Material for this task ::
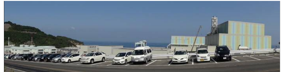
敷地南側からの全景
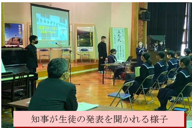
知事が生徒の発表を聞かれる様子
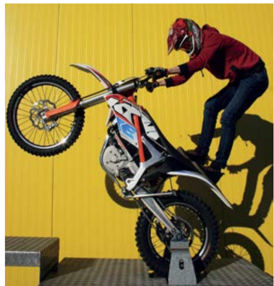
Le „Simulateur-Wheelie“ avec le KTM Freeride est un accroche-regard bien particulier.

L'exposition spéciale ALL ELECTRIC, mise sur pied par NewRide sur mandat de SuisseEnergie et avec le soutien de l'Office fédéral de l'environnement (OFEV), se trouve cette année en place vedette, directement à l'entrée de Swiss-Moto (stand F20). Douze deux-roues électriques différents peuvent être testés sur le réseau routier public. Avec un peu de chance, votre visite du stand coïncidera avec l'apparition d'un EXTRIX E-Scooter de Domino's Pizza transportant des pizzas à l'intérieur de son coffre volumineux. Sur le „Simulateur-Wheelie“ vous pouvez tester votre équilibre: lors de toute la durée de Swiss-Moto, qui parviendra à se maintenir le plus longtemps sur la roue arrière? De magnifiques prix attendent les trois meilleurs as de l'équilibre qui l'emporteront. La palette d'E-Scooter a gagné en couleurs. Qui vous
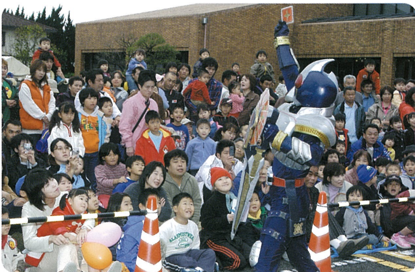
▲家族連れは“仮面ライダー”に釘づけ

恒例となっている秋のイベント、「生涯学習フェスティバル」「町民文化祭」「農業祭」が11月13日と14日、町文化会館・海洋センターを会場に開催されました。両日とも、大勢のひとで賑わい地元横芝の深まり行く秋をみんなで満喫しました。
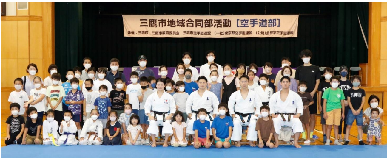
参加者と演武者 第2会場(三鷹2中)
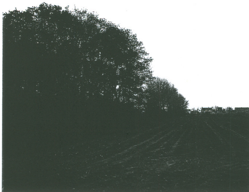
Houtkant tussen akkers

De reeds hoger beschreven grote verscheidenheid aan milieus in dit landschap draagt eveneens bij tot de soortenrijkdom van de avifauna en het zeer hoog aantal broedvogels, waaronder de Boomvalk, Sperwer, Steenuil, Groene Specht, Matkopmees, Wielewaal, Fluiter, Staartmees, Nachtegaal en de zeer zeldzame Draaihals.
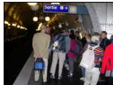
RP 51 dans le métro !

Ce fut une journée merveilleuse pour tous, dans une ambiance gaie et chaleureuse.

--

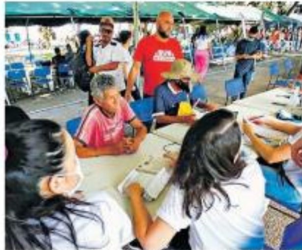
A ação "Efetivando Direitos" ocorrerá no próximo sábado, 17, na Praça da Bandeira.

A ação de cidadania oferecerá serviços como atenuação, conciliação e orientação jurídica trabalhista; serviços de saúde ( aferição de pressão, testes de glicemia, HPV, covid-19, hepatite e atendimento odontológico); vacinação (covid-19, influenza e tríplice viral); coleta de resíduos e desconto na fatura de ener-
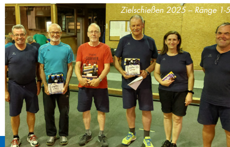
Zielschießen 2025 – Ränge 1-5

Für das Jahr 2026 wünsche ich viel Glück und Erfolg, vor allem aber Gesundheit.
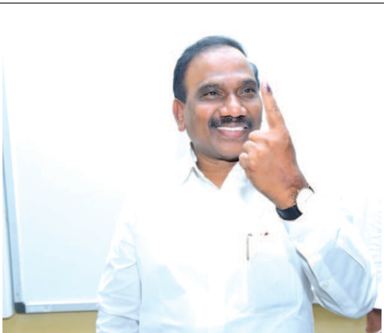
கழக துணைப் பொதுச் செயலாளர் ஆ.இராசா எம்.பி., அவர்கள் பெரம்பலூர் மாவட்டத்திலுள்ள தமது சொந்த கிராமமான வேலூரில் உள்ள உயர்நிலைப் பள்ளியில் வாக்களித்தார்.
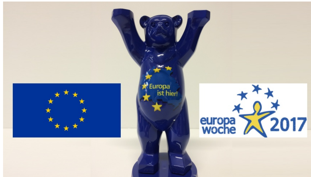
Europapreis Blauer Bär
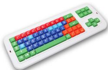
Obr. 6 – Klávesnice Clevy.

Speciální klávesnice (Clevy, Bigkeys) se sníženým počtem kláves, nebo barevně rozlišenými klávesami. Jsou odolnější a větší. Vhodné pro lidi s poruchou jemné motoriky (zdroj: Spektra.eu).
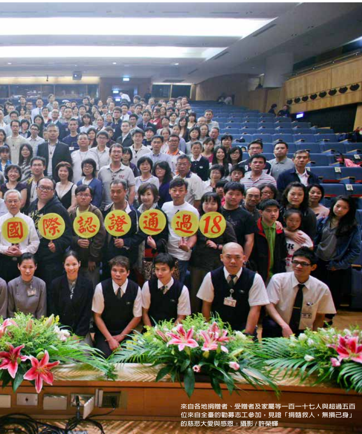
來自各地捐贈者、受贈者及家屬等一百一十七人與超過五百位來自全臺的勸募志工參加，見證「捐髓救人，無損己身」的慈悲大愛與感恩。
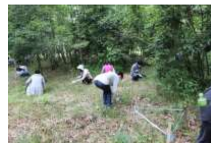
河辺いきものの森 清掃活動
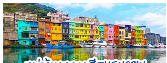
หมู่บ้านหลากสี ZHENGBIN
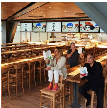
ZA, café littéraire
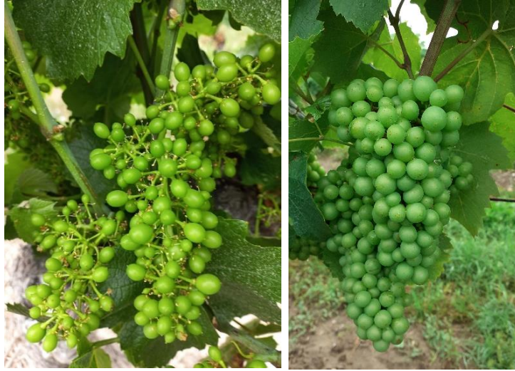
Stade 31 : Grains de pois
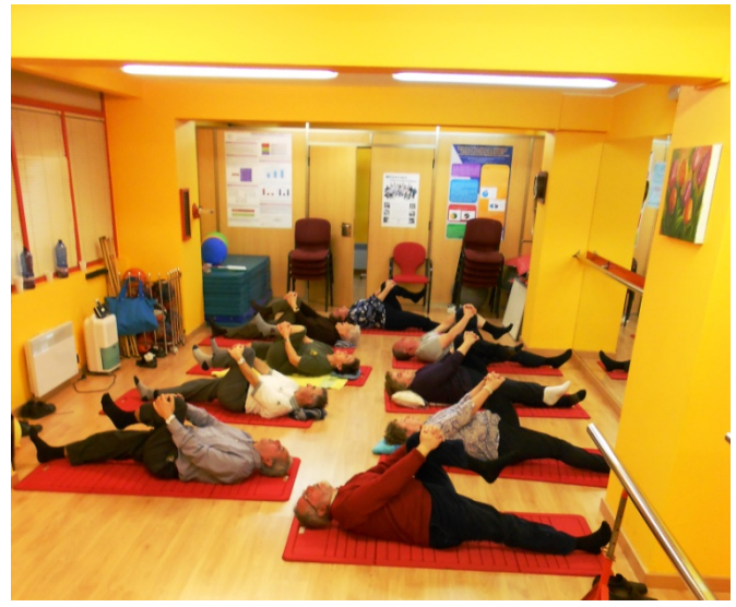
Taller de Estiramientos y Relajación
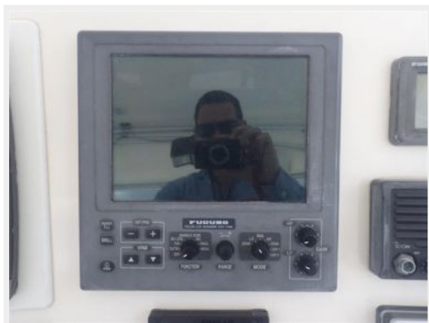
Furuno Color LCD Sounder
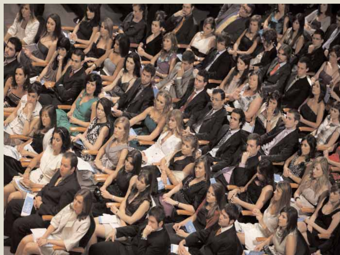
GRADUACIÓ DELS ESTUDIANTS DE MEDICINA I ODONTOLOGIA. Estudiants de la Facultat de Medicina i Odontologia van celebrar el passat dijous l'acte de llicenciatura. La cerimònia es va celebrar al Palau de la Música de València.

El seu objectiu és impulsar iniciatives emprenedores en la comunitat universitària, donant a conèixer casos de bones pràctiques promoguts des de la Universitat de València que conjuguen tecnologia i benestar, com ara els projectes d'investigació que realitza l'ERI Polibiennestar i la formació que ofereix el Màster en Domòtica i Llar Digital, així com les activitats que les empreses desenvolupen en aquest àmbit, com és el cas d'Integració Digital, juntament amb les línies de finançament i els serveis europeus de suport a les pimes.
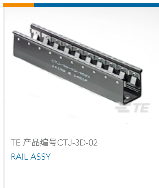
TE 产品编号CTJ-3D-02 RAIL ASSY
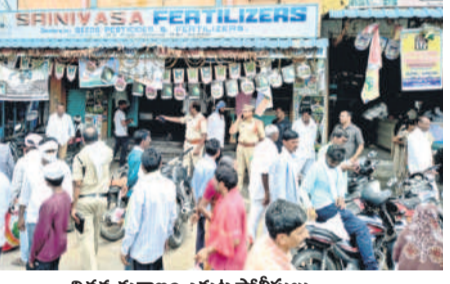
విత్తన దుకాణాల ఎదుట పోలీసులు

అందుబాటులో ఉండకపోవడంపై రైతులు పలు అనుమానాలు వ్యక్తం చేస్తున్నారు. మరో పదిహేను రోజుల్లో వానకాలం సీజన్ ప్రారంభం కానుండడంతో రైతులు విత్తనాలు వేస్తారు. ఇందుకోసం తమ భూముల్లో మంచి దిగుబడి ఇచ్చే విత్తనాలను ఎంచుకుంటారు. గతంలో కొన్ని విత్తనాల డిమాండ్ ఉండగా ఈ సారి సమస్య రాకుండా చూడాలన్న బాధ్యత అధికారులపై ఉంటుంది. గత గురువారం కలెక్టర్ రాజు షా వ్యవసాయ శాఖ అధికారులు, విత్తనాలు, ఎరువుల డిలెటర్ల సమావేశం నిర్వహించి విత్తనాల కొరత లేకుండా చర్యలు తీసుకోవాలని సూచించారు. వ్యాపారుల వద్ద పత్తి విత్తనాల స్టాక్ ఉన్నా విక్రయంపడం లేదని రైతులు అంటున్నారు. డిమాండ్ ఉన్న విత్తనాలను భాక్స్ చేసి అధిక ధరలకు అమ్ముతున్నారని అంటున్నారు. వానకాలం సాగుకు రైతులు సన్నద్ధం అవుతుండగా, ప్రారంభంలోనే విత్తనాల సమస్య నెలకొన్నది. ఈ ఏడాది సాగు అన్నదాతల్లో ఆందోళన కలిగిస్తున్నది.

* * *

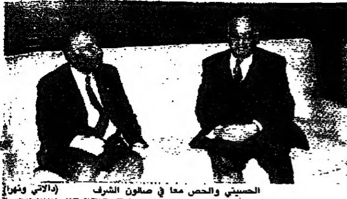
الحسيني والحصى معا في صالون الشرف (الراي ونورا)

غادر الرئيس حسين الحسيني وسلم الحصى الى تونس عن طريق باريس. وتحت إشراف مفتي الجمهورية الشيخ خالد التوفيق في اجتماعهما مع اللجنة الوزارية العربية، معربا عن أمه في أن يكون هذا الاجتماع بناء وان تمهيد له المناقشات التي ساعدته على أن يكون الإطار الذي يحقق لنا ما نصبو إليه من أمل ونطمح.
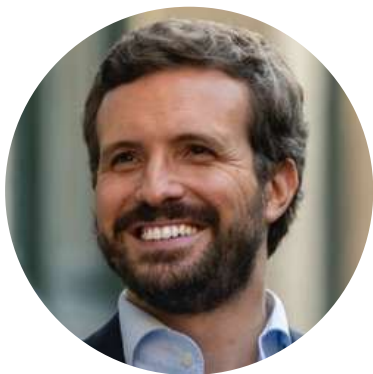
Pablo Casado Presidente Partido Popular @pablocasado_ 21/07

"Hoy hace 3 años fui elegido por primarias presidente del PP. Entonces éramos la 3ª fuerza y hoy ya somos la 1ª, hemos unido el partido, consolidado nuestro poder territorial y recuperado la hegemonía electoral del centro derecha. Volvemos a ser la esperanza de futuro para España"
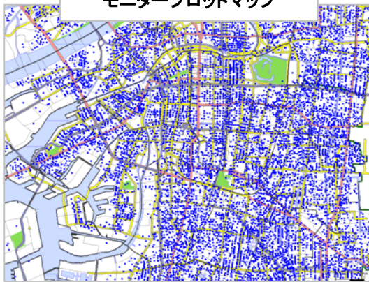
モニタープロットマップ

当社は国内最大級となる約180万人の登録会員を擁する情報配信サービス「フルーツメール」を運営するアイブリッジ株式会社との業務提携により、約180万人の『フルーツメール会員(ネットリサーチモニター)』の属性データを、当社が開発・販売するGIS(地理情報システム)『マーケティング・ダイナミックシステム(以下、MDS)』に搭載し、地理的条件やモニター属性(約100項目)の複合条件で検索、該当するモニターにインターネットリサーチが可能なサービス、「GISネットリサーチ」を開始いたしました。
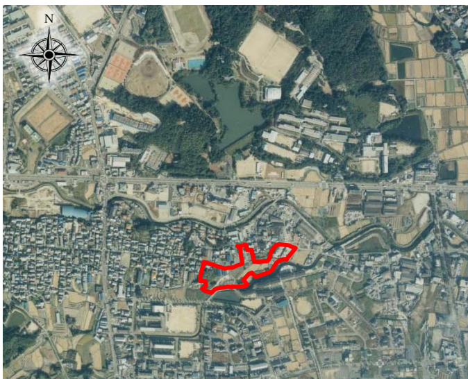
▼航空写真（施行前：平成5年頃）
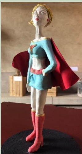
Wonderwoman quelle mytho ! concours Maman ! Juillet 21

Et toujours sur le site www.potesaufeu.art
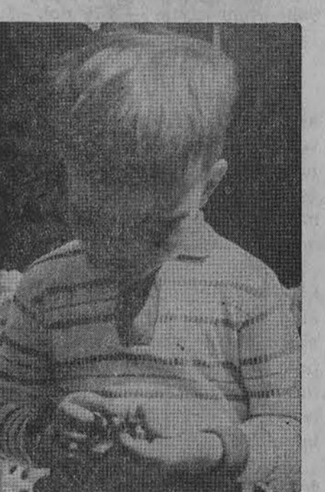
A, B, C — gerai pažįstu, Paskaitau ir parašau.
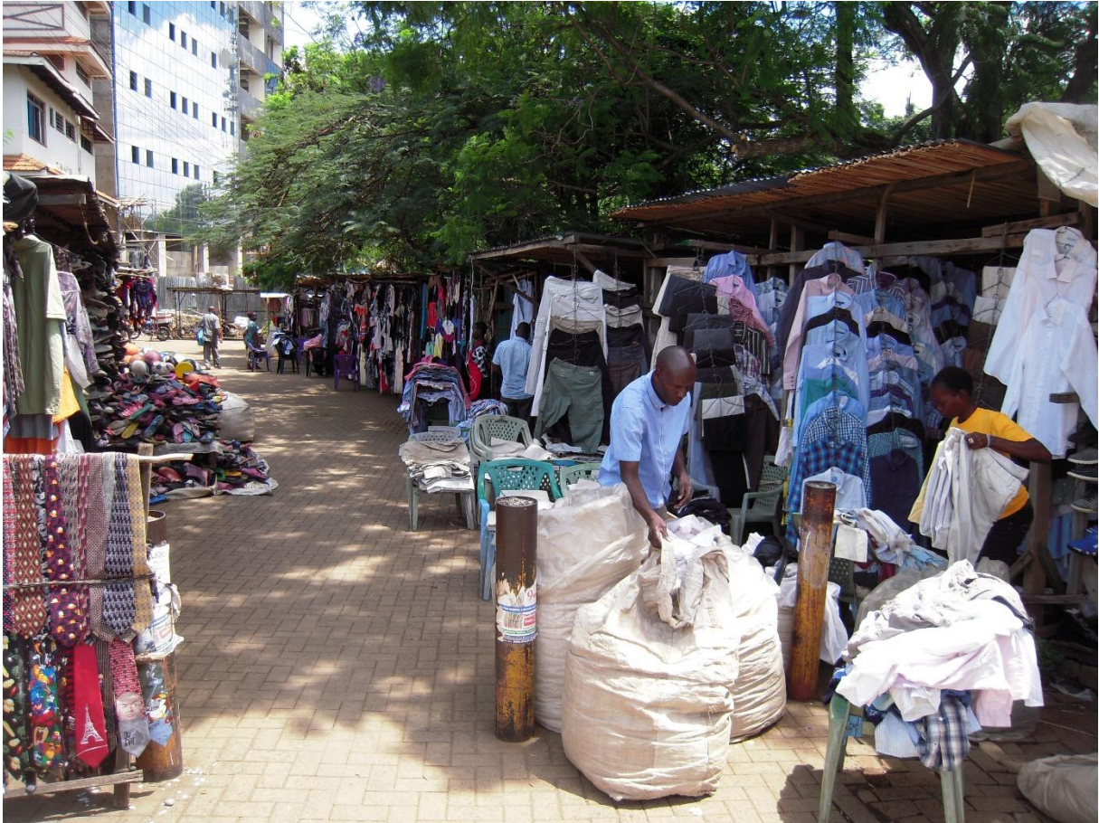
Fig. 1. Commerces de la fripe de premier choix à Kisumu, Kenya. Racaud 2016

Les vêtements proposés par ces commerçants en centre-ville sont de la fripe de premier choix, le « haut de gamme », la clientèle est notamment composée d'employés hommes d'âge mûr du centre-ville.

What needs to be done :: Everything above from the line containing "Houtkant tussen akkers" down to the line containing "Ce fut une journée" is to be duplicated exactly, both lines included, and the pictures are to be omitted.

Output for this exercise ::
Houtkant tussen akkers

De reeds hoger beschreven grote verscheidenheid aan milieus in dit landschap draagt eveneens bij tot de soortenrijkdom van de avifauna en het zeer hoog aantal broedvogels, waaronder de Boomvalk, Sperwer, Steenuil, Groene Specht, Matkopmees, Wielewaal, Fluiter, Staartmees, Nachtegaal en de zeer zeldzame Draaihals.
RP 51 dans le métro !

Ce fut une journée merveilleuse pour tous, dans une ambiance gaie et chaleureuse.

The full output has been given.